= Beginning of Section =
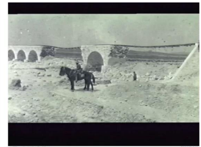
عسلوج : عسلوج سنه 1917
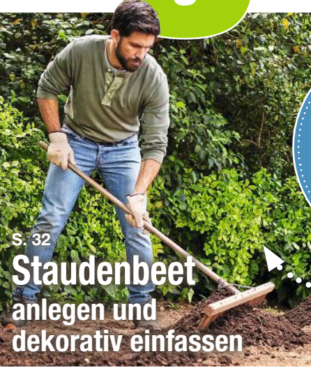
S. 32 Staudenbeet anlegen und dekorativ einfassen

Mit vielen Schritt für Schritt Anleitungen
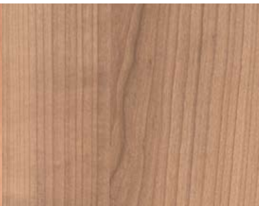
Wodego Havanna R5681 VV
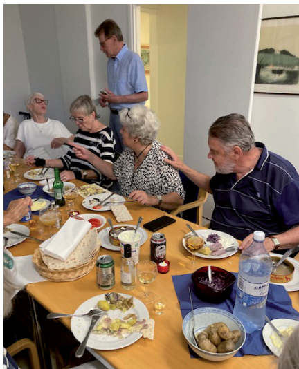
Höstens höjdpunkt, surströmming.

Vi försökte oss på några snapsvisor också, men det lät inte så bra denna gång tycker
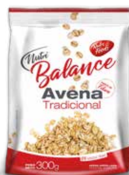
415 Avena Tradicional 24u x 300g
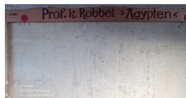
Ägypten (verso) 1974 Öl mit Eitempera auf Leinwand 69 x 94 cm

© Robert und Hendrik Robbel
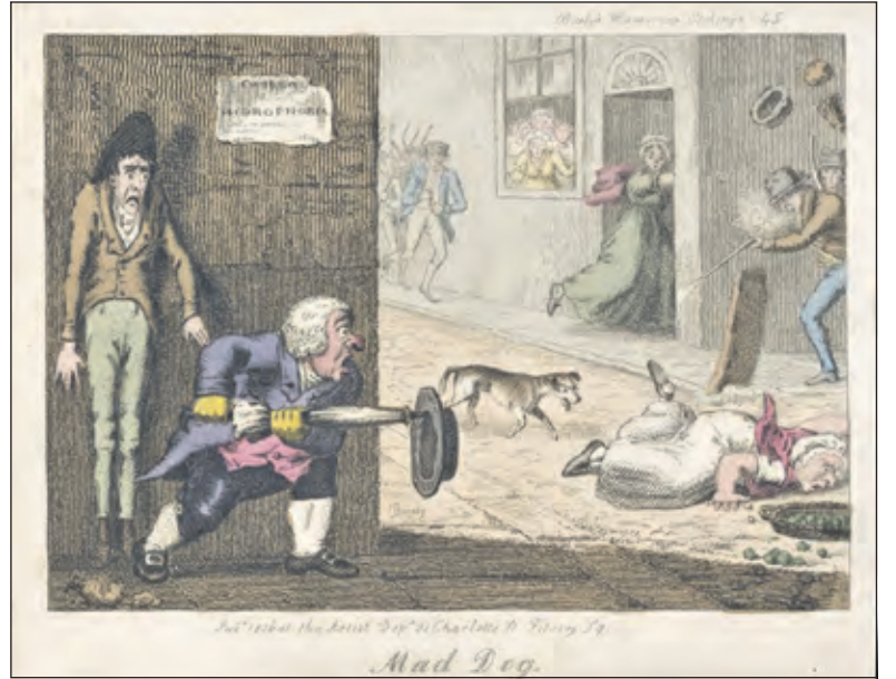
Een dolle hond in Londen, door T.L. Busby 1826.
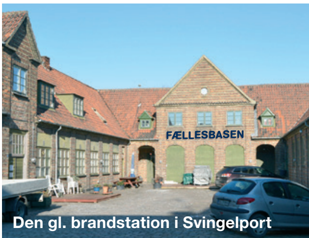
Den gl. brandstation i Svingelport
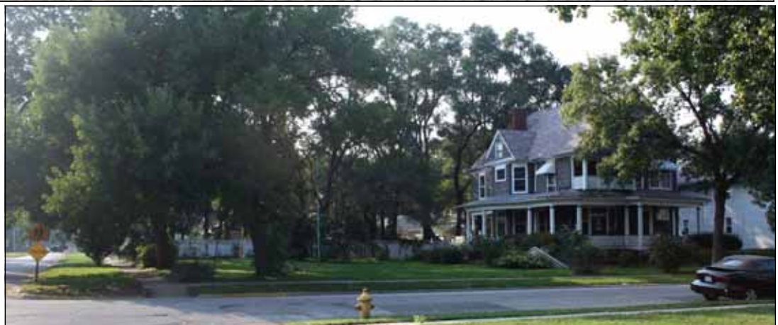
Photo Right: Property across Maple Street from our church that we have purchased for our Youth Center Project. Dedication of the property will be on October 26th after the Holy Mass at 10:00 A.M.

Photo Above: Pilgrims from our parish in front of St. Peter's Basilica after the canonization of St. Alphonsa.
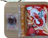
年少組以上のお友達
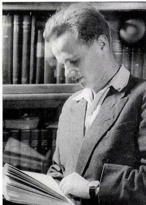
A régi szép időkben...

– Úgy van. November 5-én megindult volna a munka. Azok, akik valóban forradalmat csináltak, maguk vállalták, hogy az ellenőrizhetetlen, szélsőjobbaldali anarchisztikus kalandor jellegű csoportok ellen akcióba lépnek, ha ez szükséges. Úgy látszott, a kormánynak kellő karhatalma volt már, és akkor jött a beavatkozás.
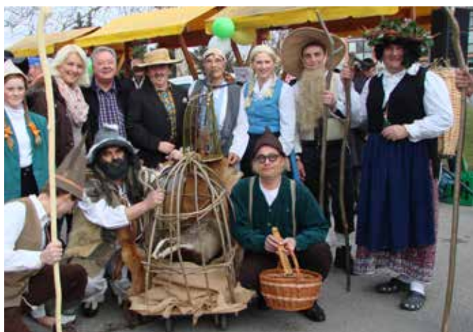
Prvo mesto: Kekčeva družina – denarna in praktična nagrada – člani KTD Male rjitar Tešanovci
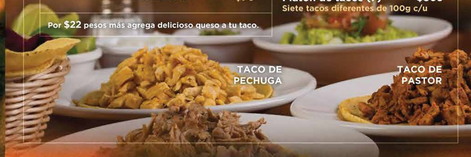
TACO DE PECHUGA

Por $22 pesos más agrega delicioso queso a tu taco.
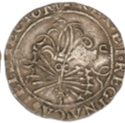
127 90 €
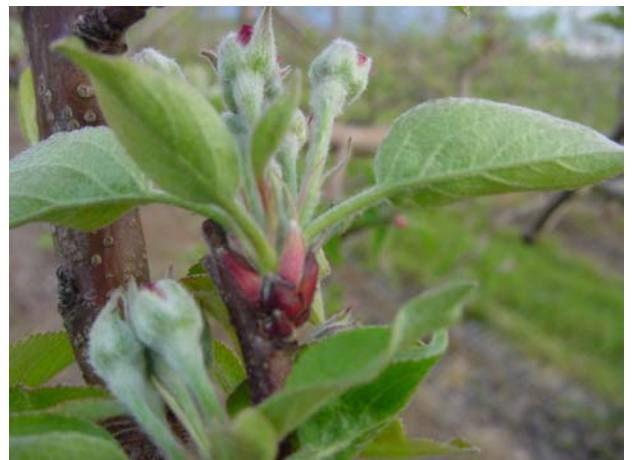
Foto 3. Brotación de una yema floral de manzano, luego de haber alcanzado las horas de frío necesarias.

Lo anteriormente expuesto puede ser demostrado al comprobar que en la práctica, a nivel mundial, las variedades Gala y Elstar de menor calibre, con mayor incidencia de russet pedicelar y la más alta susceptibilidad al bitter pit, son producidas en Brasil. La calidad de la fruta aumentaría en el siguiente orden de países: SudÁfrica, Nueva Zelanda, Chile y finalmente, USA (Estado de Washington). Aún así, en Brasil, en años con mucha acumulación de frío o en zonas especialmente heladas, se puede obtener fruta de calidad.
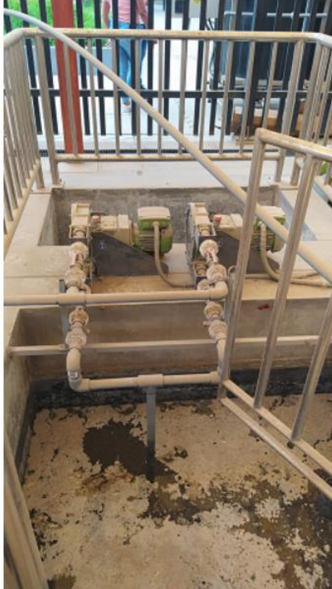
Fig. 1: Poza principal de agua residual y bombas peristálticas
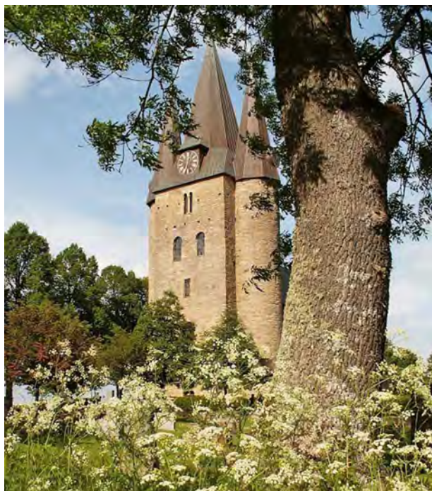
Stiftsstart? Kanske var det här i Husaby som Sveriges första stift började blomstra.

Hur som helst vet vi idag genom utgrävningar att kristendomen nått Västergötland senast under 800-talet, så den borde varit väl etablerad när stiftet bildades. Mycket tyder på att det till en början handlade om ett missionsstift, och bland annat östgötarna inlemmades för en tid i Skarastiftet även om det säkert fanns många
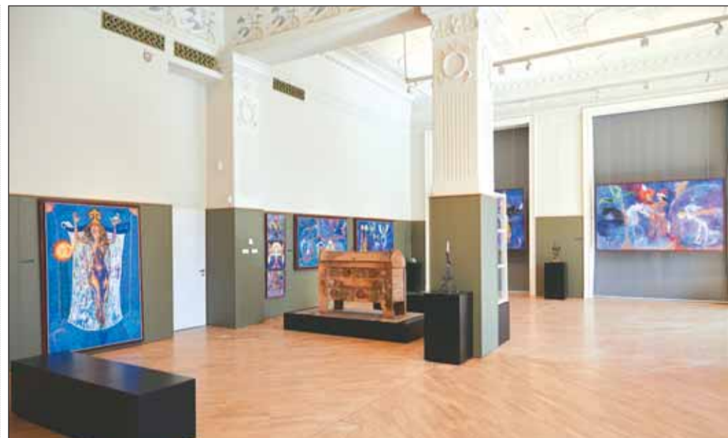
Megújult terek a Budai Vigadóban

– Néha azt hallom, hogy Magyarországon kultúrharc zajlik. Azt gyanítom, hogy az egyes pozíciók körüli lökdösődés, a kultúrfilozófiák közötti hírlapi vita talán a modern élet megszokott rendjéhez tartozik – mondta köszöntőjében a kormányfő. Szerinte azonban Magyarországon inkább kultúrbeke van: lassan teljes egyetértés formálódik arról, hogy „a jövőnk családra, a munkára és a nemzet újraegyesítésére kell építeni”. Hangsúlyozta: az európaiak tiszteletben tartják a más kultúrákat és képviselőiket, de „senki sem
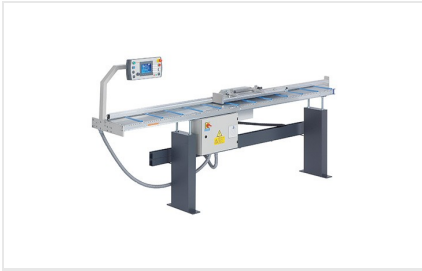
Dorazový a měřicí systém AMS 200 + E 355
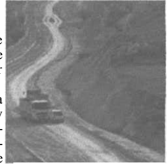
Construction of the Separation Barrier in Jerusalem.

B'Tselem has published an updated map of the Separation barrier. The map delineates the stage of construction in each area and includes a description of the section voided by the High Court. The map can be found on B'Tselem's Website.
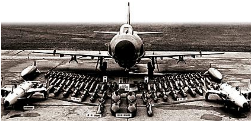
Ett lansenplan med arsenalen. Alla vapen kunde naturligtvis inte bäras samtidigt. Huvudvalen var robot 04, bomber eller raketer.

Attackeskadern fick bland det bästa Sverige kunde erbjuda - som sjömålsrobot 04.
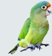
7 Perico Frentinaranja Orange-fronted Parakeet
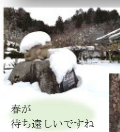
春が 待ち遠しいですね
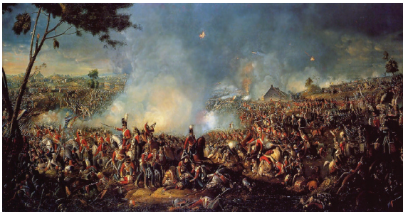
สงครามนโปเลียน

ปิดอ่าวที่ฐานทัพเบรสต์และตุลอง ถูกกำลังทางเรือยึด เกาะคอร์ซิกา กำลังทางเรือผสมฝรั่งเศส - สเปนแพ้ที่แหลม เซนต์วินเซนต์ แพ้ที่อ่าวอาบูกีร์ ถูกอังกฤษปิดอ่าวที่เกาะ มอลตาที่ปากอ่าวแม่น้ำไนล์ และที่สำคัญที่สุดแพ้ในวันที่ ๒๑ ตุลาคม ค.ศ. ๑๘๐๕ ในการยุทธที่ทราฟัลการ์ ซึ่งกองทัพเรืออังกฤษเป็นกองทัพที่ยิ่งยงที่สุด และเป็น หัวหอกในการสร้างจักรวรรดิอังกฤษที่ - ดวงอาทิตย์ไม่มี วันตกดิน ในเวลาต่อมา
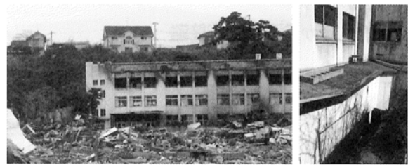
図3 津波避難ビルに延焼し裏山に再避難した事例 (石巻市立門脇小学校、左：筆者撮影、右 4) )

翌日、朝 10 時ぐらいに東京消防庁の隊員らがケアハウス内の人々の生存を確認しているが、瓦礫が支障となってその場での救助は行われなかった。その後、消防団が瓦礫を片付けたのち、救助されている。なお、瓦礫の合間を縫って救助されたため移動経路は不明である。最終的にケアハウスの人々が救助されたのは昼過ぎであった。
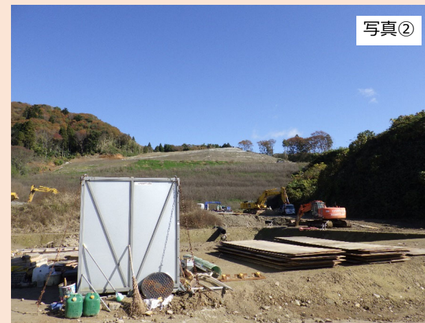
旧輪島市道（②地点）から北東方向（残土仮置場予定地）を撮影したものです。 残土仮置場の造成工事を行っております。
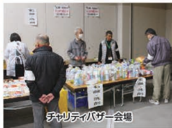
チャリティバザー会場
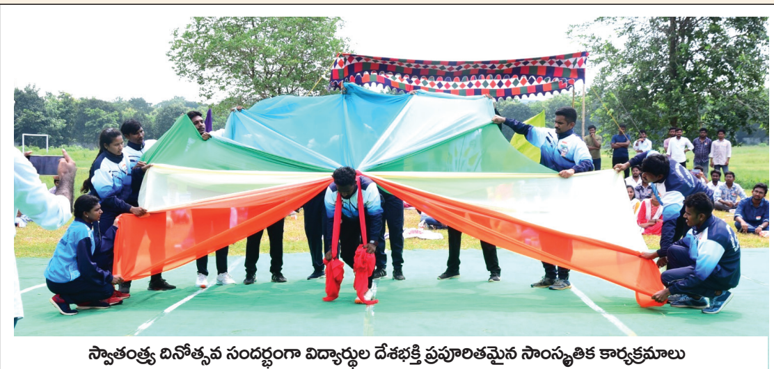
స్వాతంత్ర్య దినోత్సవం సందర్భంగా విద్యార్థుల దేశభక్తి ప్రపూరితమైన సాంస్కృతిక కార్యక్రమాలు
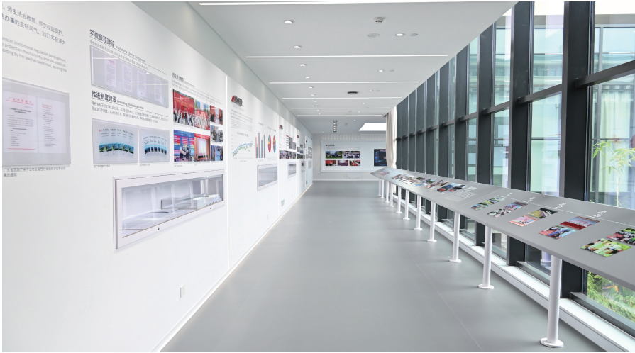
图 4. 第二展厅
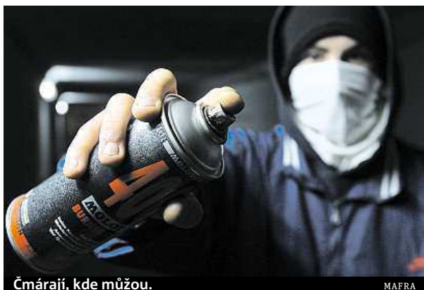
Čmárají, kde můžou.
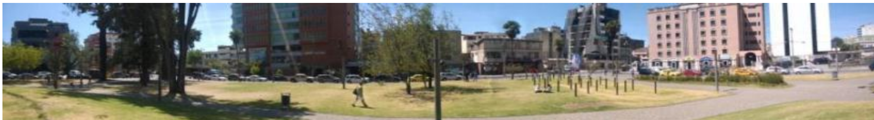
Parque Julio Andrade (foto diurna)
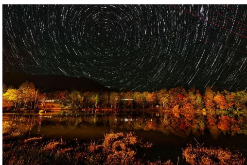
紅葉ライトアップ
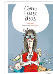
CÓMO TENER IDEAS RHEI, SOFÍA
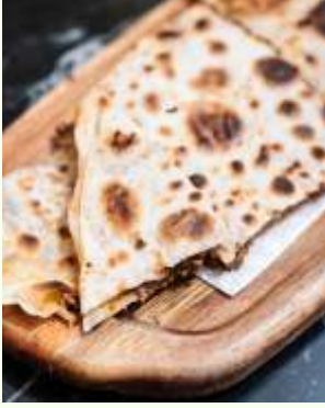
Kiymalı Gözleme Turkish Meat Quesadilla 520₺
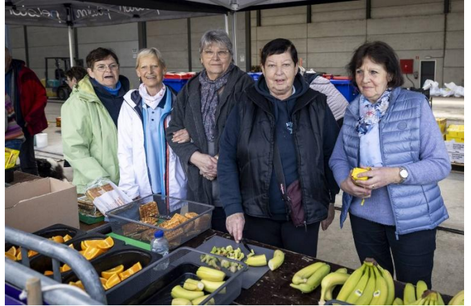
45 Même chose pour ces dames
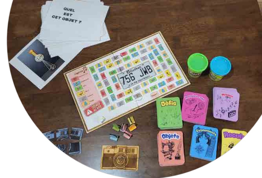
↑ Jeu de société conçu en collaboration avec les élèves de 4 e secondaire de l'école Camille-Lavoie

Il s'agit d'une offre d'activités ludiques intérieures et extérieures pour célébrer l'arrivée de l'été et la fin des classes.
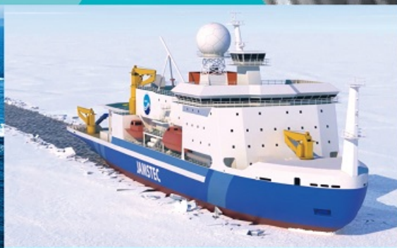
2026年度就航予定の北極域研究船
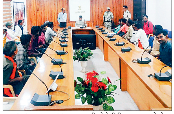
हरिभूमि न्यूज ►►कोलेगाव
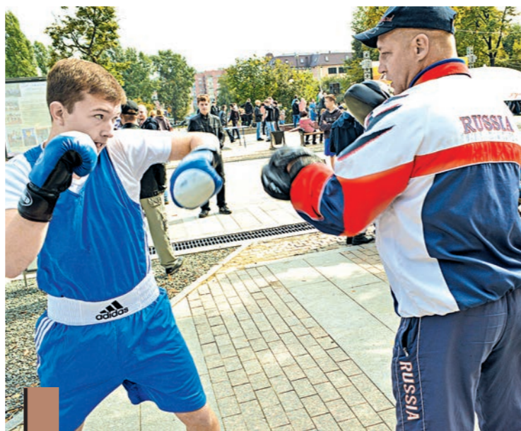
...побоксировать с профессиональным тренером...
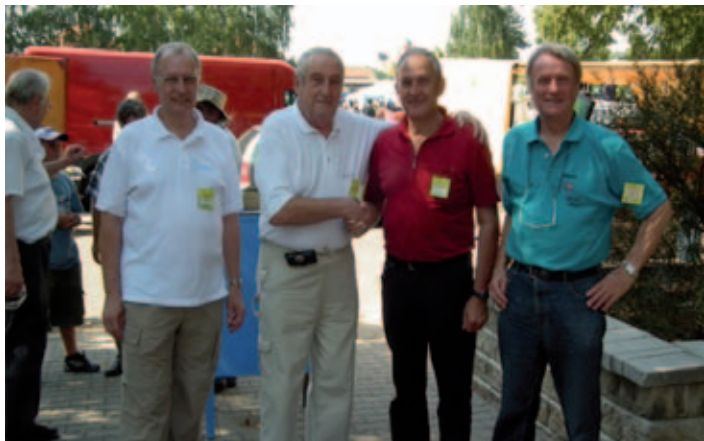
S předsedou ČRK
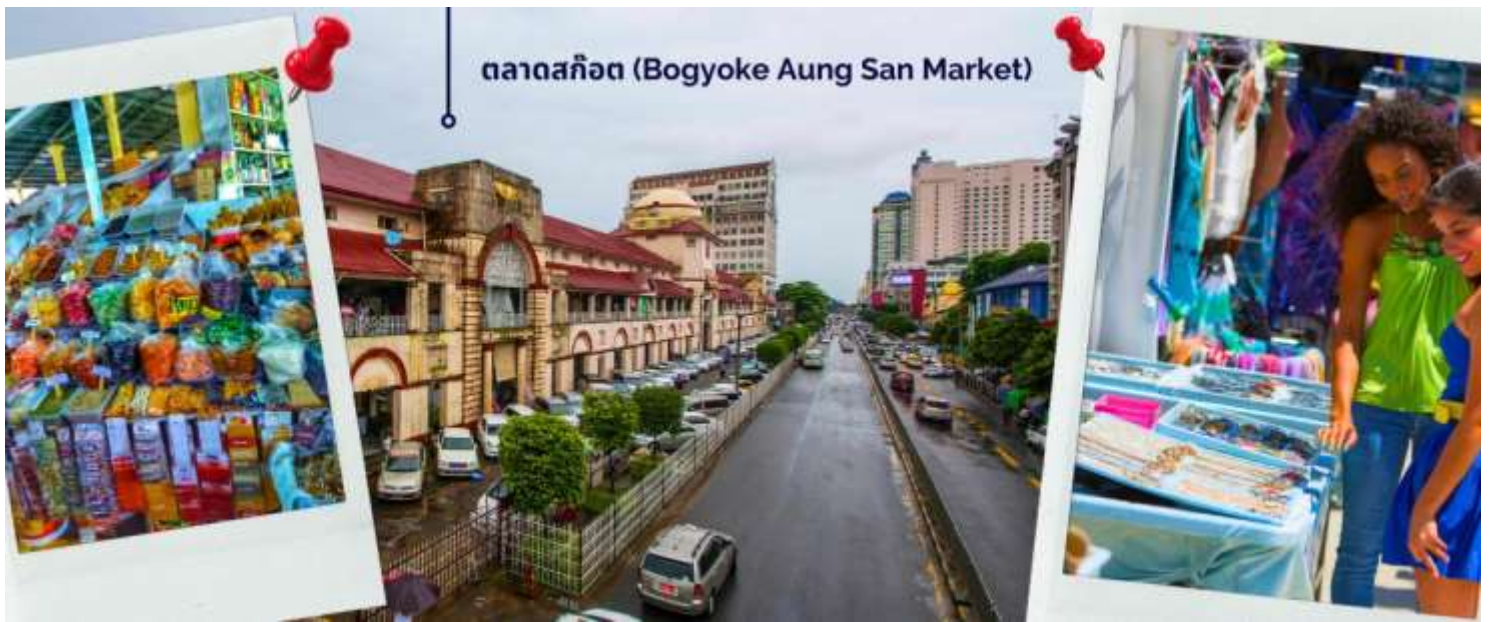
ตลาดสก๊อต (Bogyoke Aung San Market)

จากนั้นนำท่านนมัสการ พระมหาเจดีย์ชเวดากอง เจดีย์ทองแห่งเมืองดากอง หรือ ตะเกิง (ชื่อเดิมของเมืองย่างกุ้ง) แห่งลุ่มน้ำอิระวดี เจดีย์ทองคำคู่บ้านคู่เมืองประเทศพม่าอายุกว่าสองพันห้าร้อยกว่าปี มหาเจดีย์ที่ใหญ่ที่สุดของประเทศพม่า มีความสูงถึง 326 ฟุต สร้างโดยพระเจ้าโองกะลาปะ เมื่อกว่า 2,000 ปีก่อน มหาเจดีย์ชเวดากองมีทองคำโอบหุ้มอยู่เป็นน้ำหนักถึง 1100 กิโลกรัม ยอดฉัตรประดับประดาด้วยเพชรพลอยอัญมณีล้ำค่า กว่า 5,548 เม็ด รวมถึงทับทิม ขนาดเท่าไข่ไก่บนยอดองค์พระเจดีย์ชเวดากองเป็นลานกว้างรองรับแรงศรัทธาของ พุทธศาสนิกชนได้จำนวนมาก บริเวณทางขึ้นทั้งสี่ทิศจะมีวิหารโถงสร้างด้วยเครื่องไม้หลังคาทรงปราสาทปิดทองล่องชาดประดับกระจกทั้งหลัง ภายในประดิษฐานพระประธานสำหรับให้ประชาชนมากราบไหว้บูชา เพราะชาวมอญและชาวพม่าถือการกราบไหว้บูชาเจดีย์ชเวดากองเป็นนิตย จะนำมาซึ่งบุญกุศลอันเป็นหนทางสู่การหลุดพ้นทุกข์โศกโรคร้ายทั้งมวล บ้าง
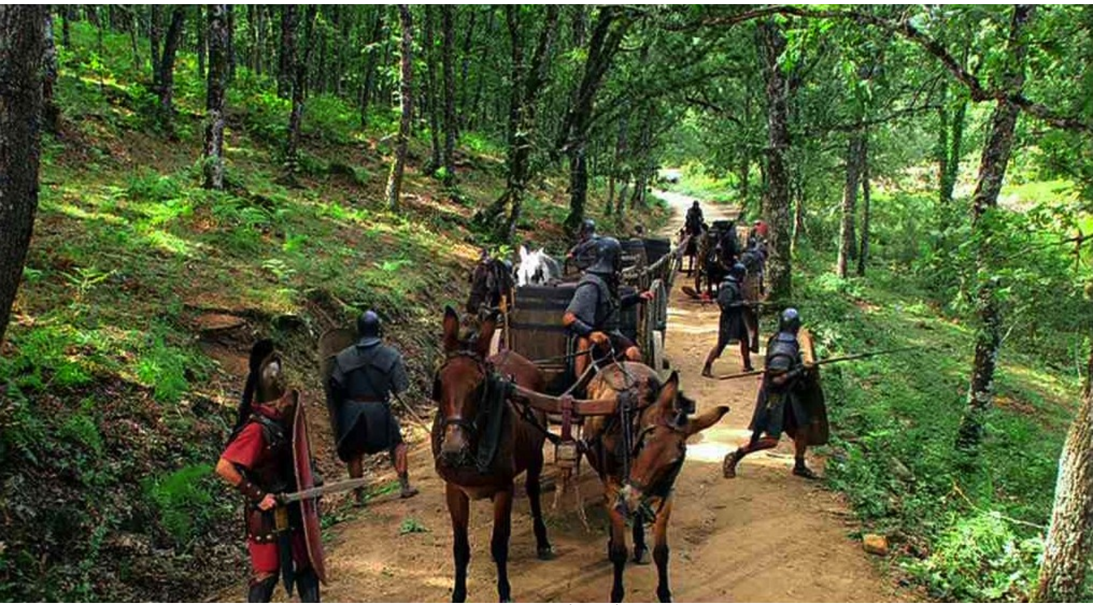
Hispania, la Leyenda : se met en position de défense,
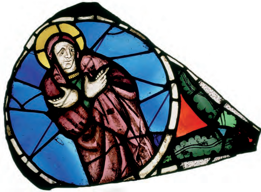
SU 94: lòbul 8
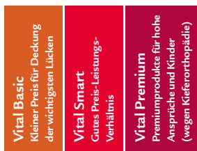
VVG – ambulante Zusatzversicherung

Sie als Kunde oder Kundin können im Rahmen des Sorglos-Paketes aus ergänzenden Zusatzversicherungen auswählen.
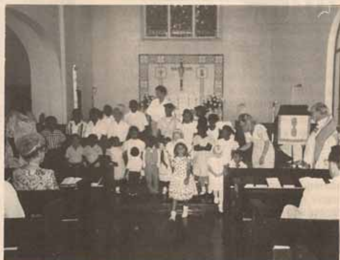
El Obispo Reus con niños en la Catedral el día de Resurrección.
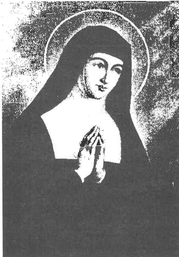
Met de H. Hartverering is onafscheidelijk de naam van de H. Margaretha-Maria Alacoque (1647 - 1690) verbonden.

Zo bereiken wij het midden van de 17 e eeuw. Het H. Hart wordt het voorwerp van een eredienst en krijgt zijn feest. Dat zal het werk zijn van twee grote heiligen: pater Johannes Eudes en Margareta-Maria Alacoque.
= End of Section =
### Problem statement:
Return exactly the lines above, from the one with "Por $22 pesos" up to and including the one with "Stiftsstart? Kanske var", and include no pictures.

### Solution for this task:
Por $22 pesos más agrega delicioso queso a tu taco.
127 90 €
Foto 3. Brotación de una yema floral de manzano, luego de haber alcanzado las horas de frío necesarias.

Lo anteriormente expuesto puede ser demostrado al comprobar que en la práctica, a nivel mundial, las variedades Gala y Elstar de menor calibre, con mayor incidencia de russet pedicelar y la más alta susceptibilidad al bitter pit, son producidas en Brasil. La calidad de la fruta aumentaría en el siguiente orden de países: SudÁfrica, Nueva Zelanda, Chile y finalmente, USA (Estado de Washington). Aún así, en Brasil, en años con mucha acumulación de frío o en zonas especialmente heladas, se puede obtener fruta de calidad.
Fig. 1: Poza principal de agua residual y bombas peristálticas
Stiftsstart? Kanske var det här i Husaby som Sveriges första stift började blomstra.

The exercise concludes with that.